China calls for ‘critical’ IMF reforms to mirror economic prowess, a collective Asian voice


China holds 6.09 per cent voting power in the Washington-based fund, far lower than the 16.5 per cent share held by the United States, which effectively gives it veto power, with major decisions at the IMF requiring 85 per cent to be in favour for a motion to be approved.

The quota reform is critical to the IMF’s governance representation and legitimacy

Pan Gongsheng, PBOC

The quota is far lower than China’s share in the global economic output, which stands at about 18 per cent.

“The quota reform is critical to the IMF’s governance representation and legitimacy,” Pan told a panel on Asian financial stability.

The fund concluded its latest round of quota reviews in December, but no decision has been made about any adjusted distribution.

According to President Xi Jinping’s financial superpower vision rolled out at October’s central financial work conference, a part of it would be to grow the weight of the world’s second-largest economy in international finance.

Beijing is challenging US dominance, but it also has to ensure fairness as China’s growing say won’t become another unfair dominance

Rui Meng, China Europe International Business School

“Finance has become one of the hotly-contested realms in superpower rivalry,” Xi said in Excerpts of Xi Jinping’s Speeches on Finance Work, a newly published book summarising his financial instructions.

In another session at Central Party School – the higher education institution which trains Chinese Communist Party officials – in January, Xi said “having a strong voice and ability to deploy its influence in the formulation of global financial rules is one of the core attributes of a financial superpower”.

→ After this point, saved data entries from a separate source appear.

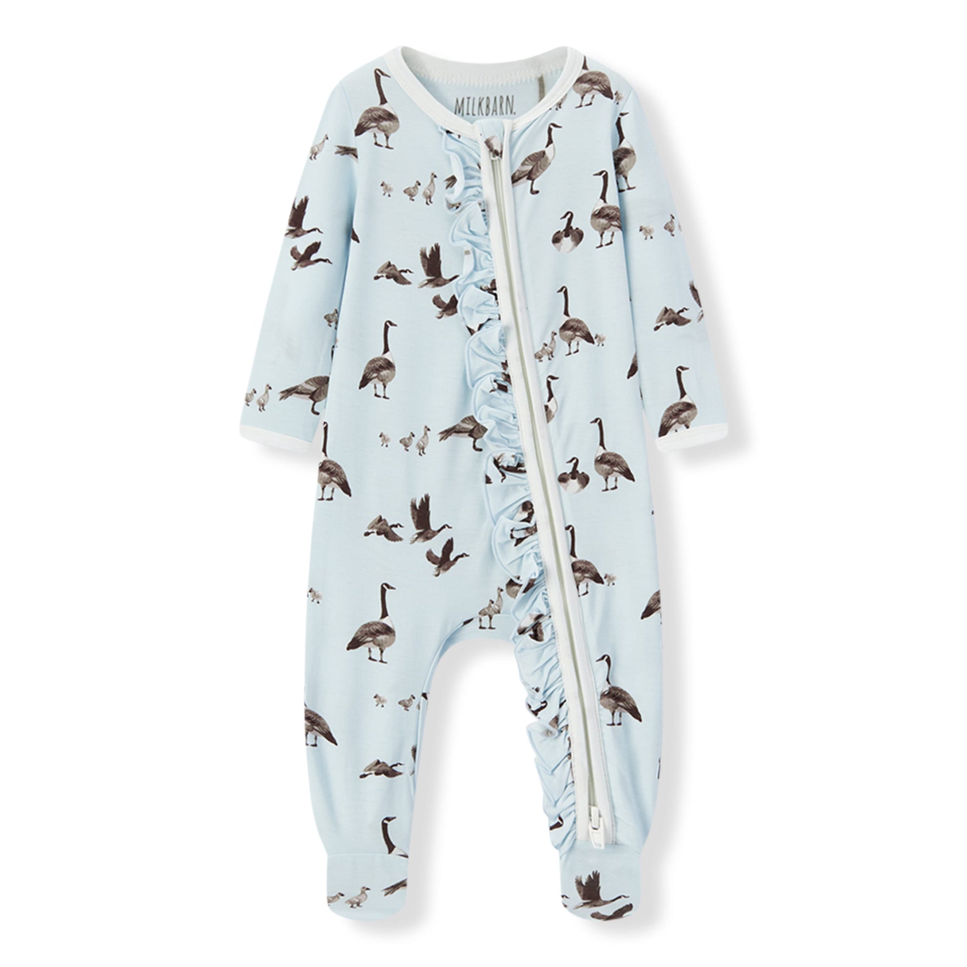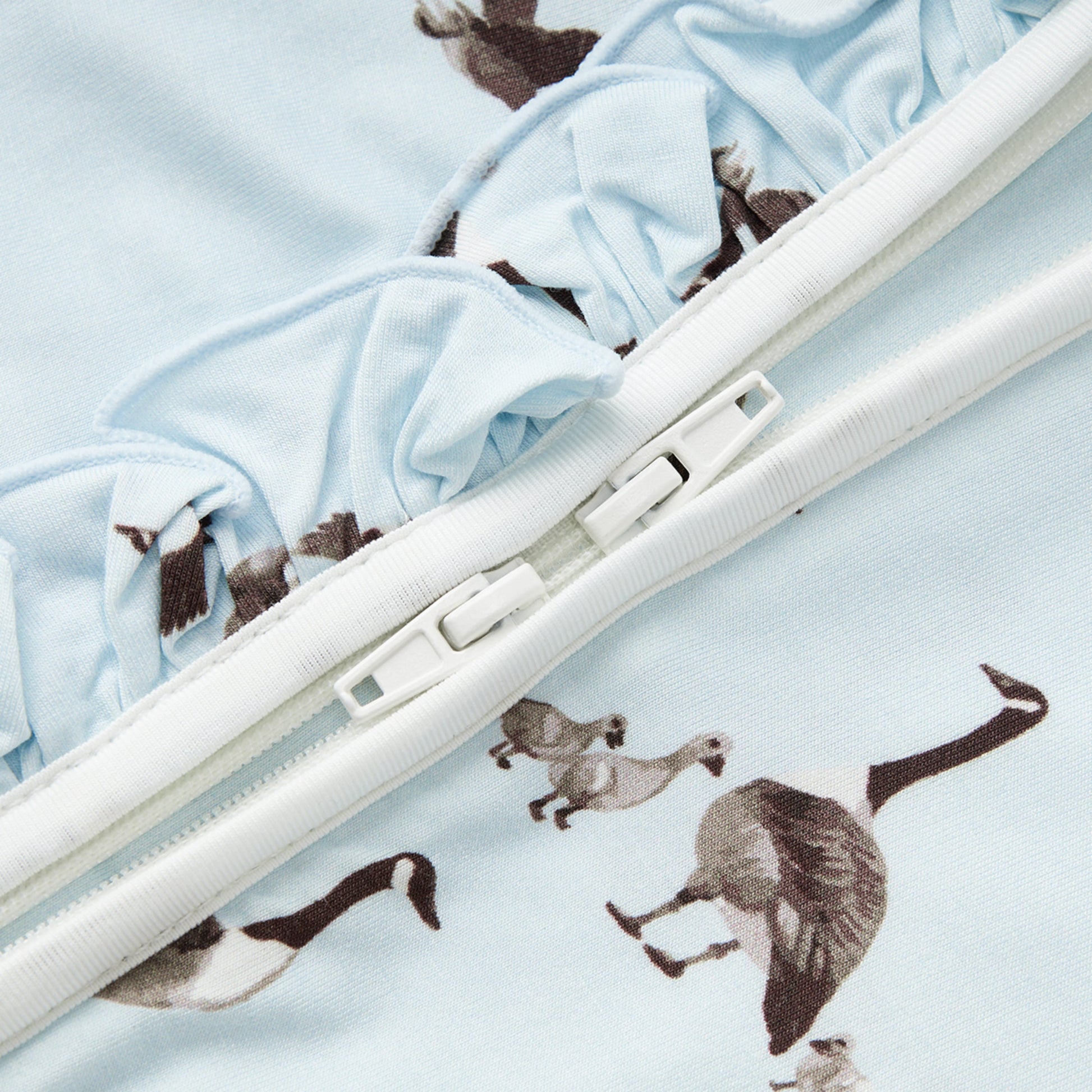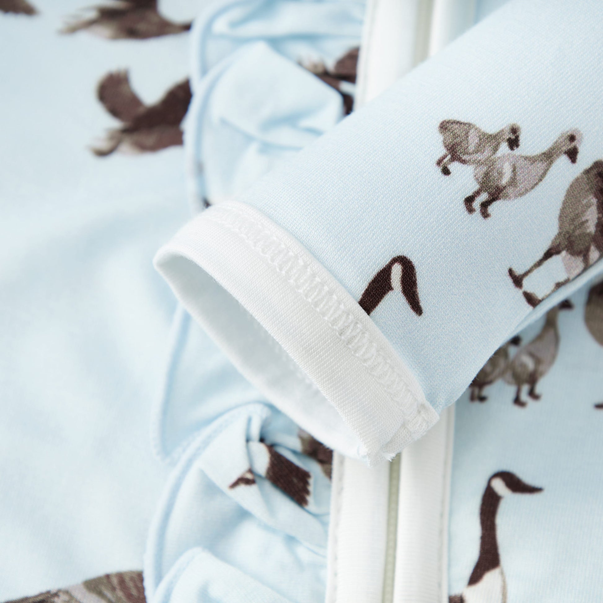 I zip, you zip, we all zip! Whether zipping from the top-down, bottom-up, or somewhere in between, we made changing and dressing just a wee bit easier with our baby Goose Luxe Stretch Ruffle Zipper Footed Romper. A subtle, ruffle-edged asymmetrical seam and three cascading, full-width rear ruffles add a little extra fun. With dual, two-way zippers and a closed-foot detail, this timeless classic blends design with functionality while wrapping your little ones in gentle comfort.
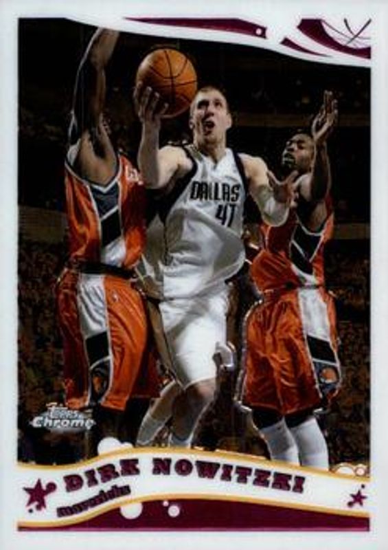 The Dirk Nowitzki 2005 Topps Chrome #72 Base card is 1 of 16 Dirk Nowitzki's card variations in the 2005 Topps Chrome set being tracked by Sports Card Investor, including Refractor /999, Chosen One /400, Premium Performers /400, Black Refractor /399, and Chosen One Relics Refractor /99.
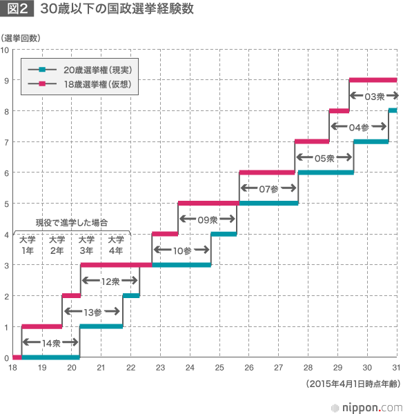 図2は、2015年4月1日時点で、各年齢の人々が選挙権を得た後に国政選挙を何回経験したのかを示している。青のラインは、選挙権を20歳に得るという現実に即したデータ、赤のラインは仮に18歳に選挙権を得た場合のデータである。下部の18、19という数字は、4月1日に誕生日を迎えた人々の年齢を示している。なお、日本の学制では、4月2日生まれから翌年4月1日生まれまでが、一つの学年を形成する。したがって、各目盛のすぐ右側から、次の右側の目盛の直上までがひとつの学年となる。留年などなく、高校卒業後すぐに大学に入学した場合の学年の範囲を図に示している。
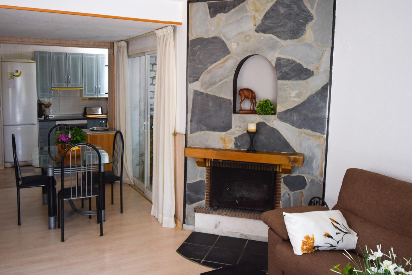 Dispone de cocina moderna totalmente equipada, agradable salón con chimenea,
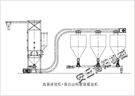 吨袋拆包机+多出料口管链输送机方案
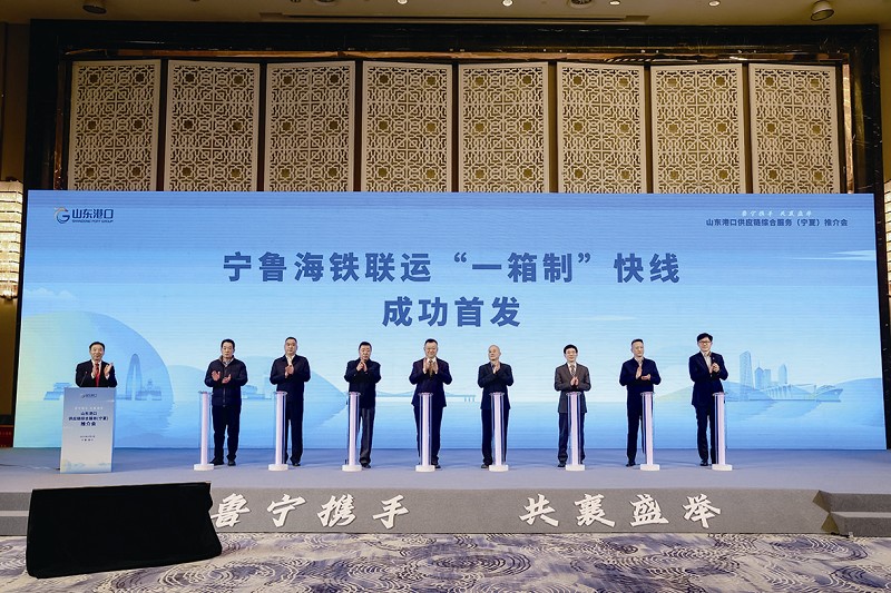 宁夏回族自治区商务厅党组成员、副厅长朱东,宁夏回族自治区交通运输厅二级巡视员陈钧,银川海关党委委员、副关长龙军,山东港口党委副书记、董事、总经理李奉利出席活动。李奉利介绍山东港口发展情况并推介供应链综合服务体系。山东港口党委常委、常务副总经理马德亮主持活动。与会领导共同见证宁鲁海铁联运“一箱制”快线启动。
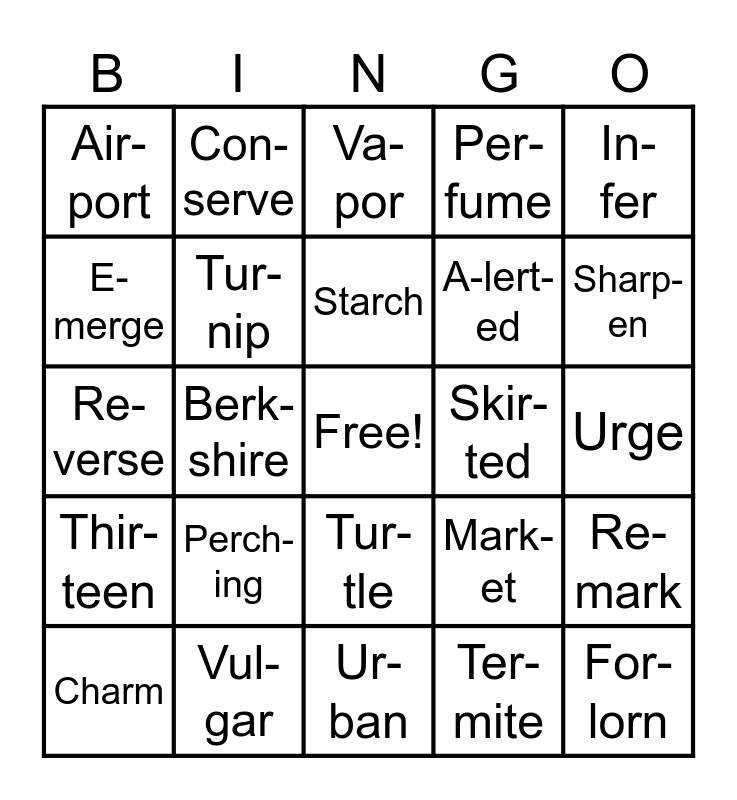 This bingo card has a free space and 30 words: Vul-gar, Gar-den, Berk-shire, Por-tion, Air-port, Va-por, Tur-nip, Tur-tle, Skir-ted, Ur-ban, Urge, For-lorn, Ter-mite, Stern, Sharp-en, Their, Mark-et, Thir-teen, Perch-ing, In-fer, Re-verse, Su-perb, Con-serve, A-lert-ed, E-merge, Per-fume, Re-mark, Charm, Starch and Con-firm.

Rui Meng, a professor with the China Europe International Business School, said China stands to be the biggest beneficiary of the upcoming quota adjustment and capital injection for a more proportionate mix of voting powers at the IMF.

“Beijing is challenging US dominance, but it also has to ensure fairness as China’s growing say won’t become another unfair dominance,” Rui said.

“That’s why Pan has stressed a collective Asian voice and approach that has wider support and is more sustainable.”

In Boao, Pan appealed to panellists, including central bank officials from Indonesia, Singapore and Mongolia, to dovetail efforts to expedite quota realignment, including a new formula, to reflect the weight of Asian countries and emerging markets.

Beijing has also pinned more hope on strengthening regional deals, including the Chiang Mai Initiative (CMI).

The initiative is a currency swap arrangement pooling China, the 10 Southeast Asian nations, Japan and South Korea.

Specific ways to introduce a freely usable currency are being discussed

Pan Gongsheng, PBOC

“The CMI is in line with new changes in the international monetary system and the characteristics of the region as a stabiliser,” Pan added.

“Specific ways to introduce a freely usable currency are being discussed. This will further serve the region with freely usable currencies and improve the flexibility and accessibility of investment.”

The Chinese central bank governor also hailed the “common will” in the region to explore the possibility of establishing international financial mechanisms and institutions dedicated to Asia, as he commented on the calls for the establishment of new legal entities to strengthen Asia’s financial safety net.

The PBOC has already signed local currency swap agreements worth 4 trillion yuan (US$554 billion) with 29 countries and regions, with the deals forming a key part of the international bailout efforts led by the IMF to help member countries fight economic or financial crises.